I could not see anything. The inside of my vault was darkness and that scared me because I could not see if anything was in there with me. But at least I could hear myself speak. My words were gibberish, baby talk, the product of an unhinged mind. Which frightened me worse than being in the box.

“Crispin?” I whispered and dug through the myriad memories of all my past lives. In only a few instances had I lived to become an adult before being murdered, but one of those had been a teacher and a doctor. He knew what I was experiencing and how to come out of it.

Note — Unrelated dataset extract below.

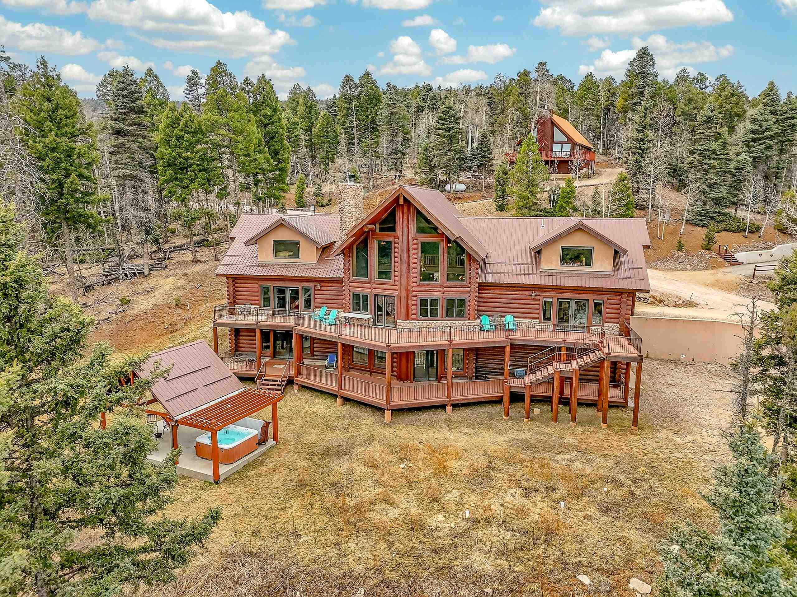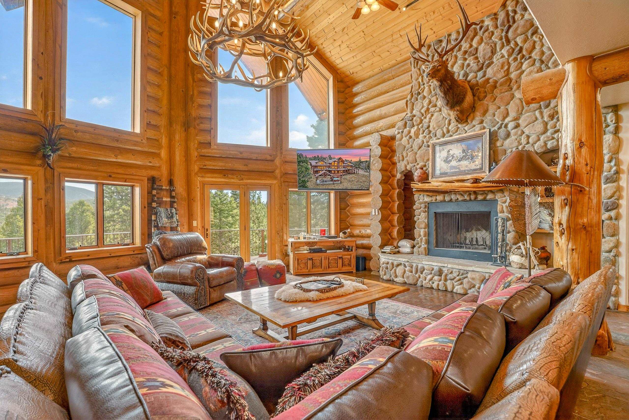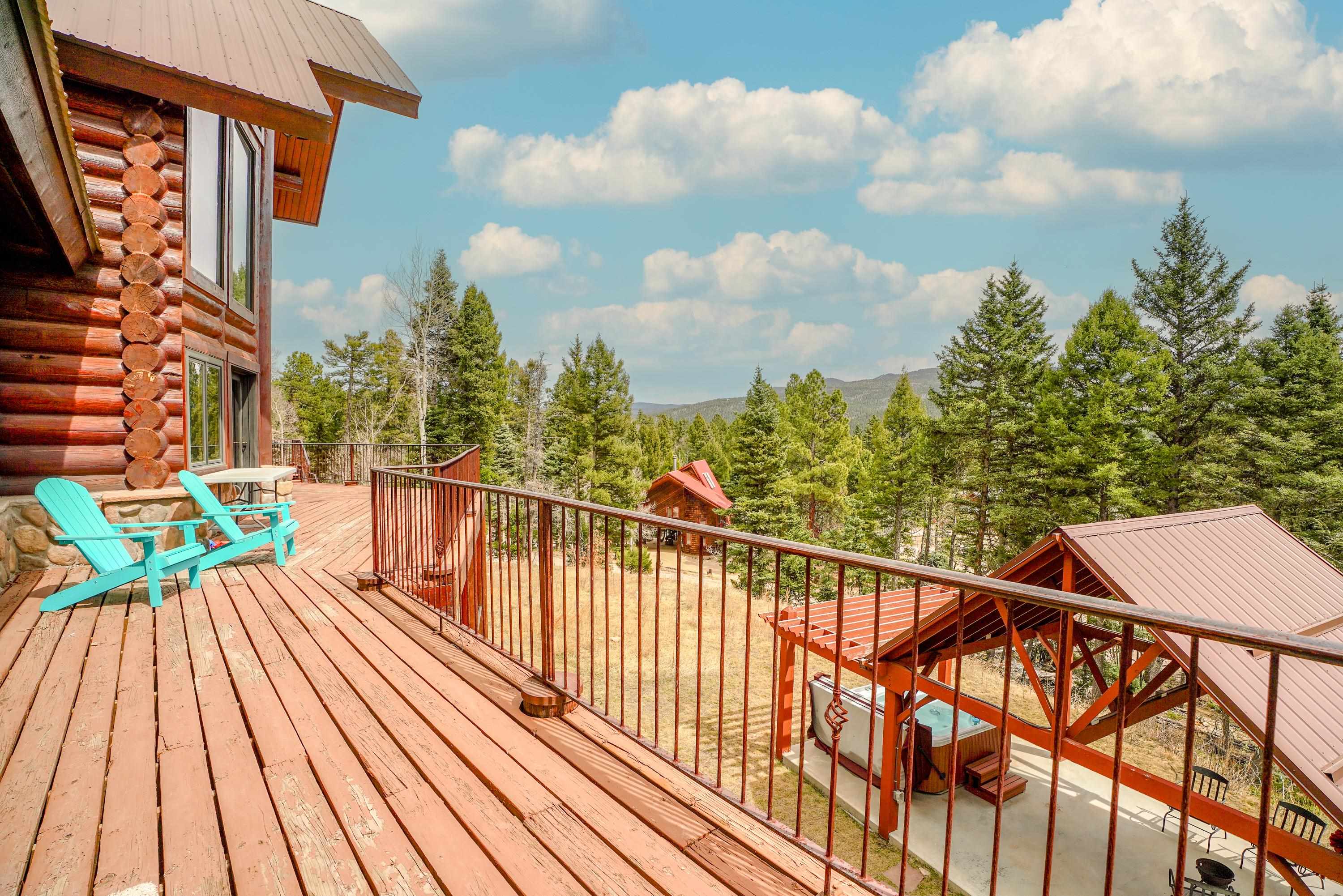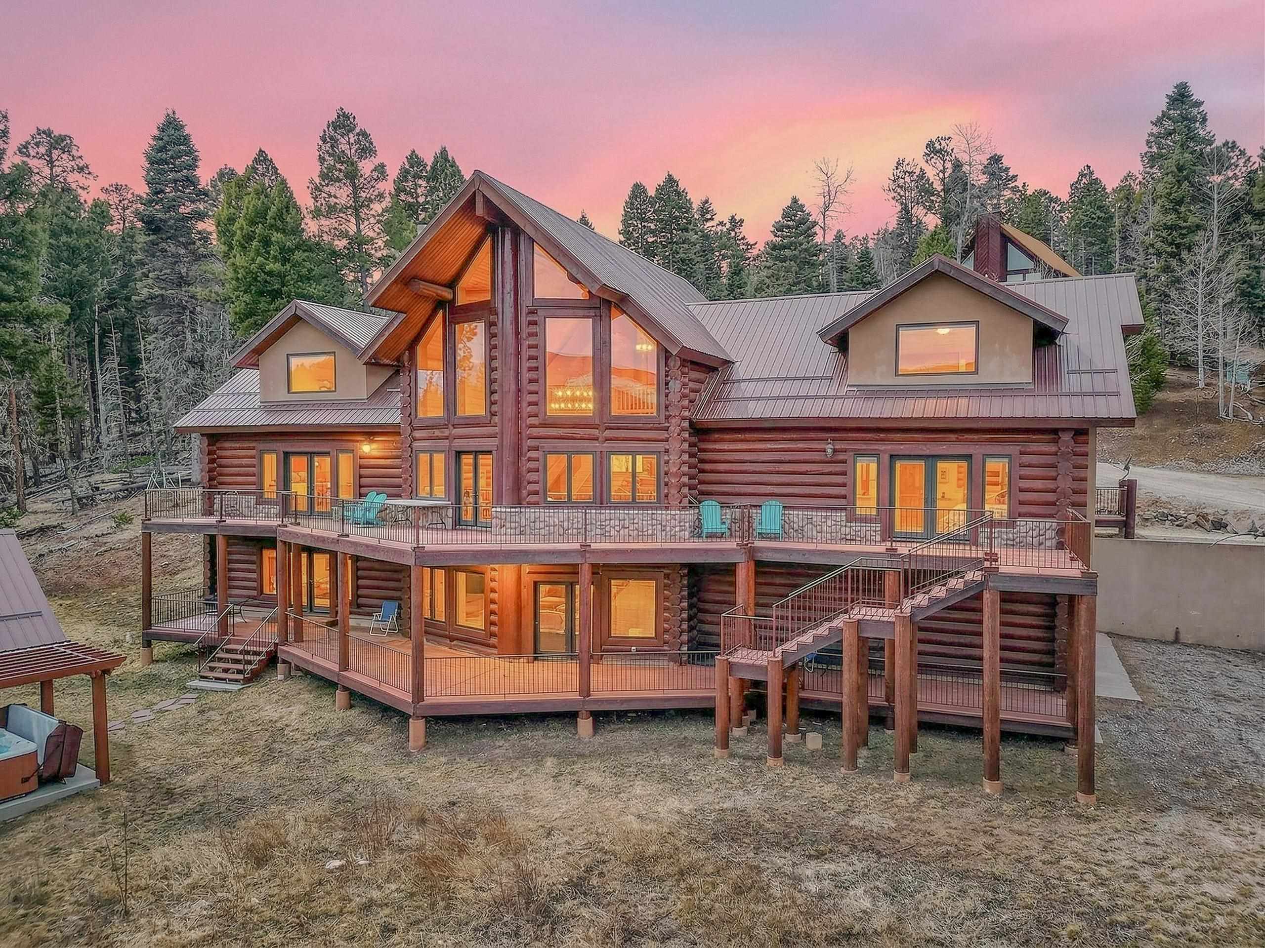 Mountain Luxury Living At Its Finest! This beautiful log and stucco residence boasts 4 spacious bedrooms, 5 bathrooms, a safe room, a children's game room and multiple living areas. Highlighted with impressive natural log columns, soaring ceilings and a wall of windows with great views. A massive rock fireplace serves as the centerpiece of the expansive living room. The kitchen is thoughtfully designed with custom cabinetry, granite countertops, and high-quality appliances. This home offers two additional living or recreational spaces, making it ideal for large or extended family gatherings. Downstairs the "bear den" has plenty of space for game-night and the other room has unique custom bunkbeds which is perfect for the little ones. Step outside to enjoy multiple outdoor spaces, including a hot tub gazebo, a main-level deck, and a lower deck—perfect for relaxing and taking in the beautiful views toward the Valley of the Utes. Located a couple of blocks from Monte Verde Lake, this stunning home offers easy access to all the amenities Angel Fire has to offer, including skiing and golfing. Additional features include a large two-car garage and a covered drive-up portal at the front of the home, spacious enough for convenient sheltered parking. Generates fantastic rental income with potential for growth.

A fugue state or catatonic; my mind so shattered by fearful events that it broke free to hide away from reality. Only when I was safe would I let the barriers drop and come out. The problem was that if I did not come out, I could not free myself from wherever or whoever had me. I was assuming that it was my father and not Matt.

I couldn’t take a quick peek and go back if it was still not safe, this didn’t work like that. Crispin’s memories held no answers for me, either.

I wasn’t conscious of my body. Realized that I couldn’t feel myself breathing, or hunger, thirst, no itches. No pressure on any part of me, my feet or backside so I wasn’t sure if I was standing, lying down or on my knees.

I pushed my hands out and felt only empty space around me. “What do I do?” I asked the darkness and it answered me. Sort of.

As I stared into nothingness, gradually the spot in front of my eyes grew lighter and brighter until I could see. The outline of a door, a knob and light glowing through the cracks of the door frame. Light from behind the door.

It looked like an ordinary wooden door with three panels and a regular doorknob. I walked toward it, my feet getting heavier and heavier until I could feel the floor underneath me, and the sensation of up, down, forward and back became tangible.

As my hand touched the knob, an electric shock passed through the metal into my body, yet it made me grip harder, not let go. I twisted the doorknob and it opened. I stepped through.